Problem requirements. All lines in the records below from the line with "Plenty of ice cubes with Electrolux" through the line with "Imagem 3: Formação" are to be given again exactly, both ends included; the pictures are to be left out.

Available records.
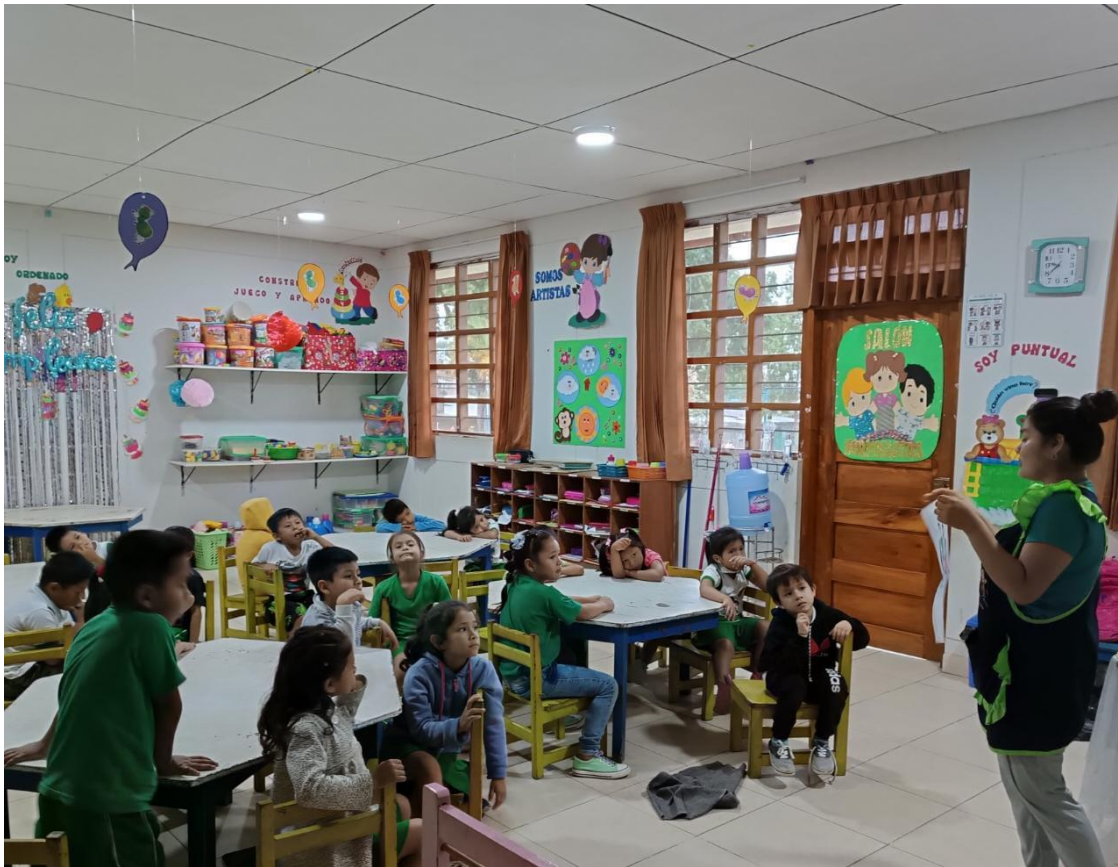
Evidencia 1. Mostrando la canción como estrategia de enseñanza.
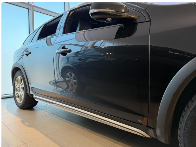
1.1 Korosjon framkant begge framdører.
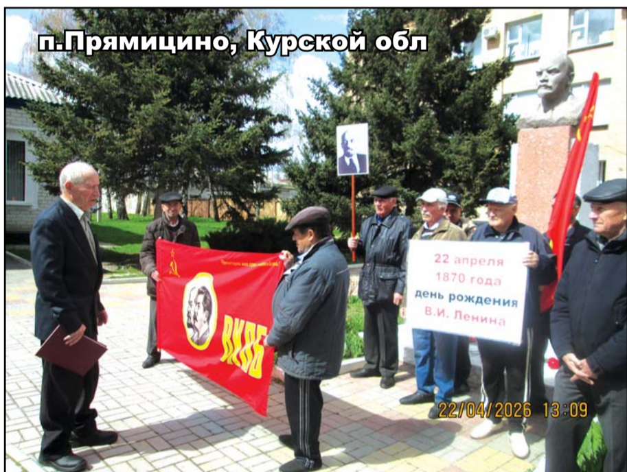
п.Прямичино, Курской обл
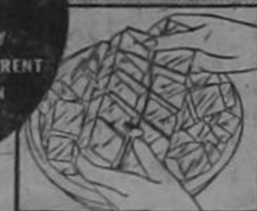
Plenty of ice cubes with Electrolux
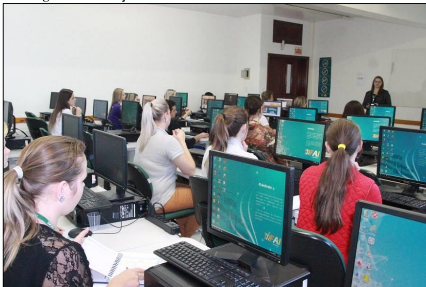
Imagem 3: Formação Nead com colaboradores técnico administrativos.

No mês de outubro, foi realizada a formação “Interagindo com as Ferramentas de Moodle”. Essa formação foi realizada com o objetivo de apresentar e demonstrar de maneira prática os recursos disponíveis na plataforma Moodle para todos os professores da instituição, de forma a estimular a utilização do ambiente virtual de aprendizagem também no desenvolvimento de atividades das disciplinas presenciais. Possibilitou aos professores interagirem com o ambiente e pensar em possíveis situações em que se poderia aplicar e usar os recursos como apoio em suas aulas.

Solved problem.
Plenty of ice cubes with Electrolux
Imagem 3: Formação Nead com colaboradores técnico administrativos.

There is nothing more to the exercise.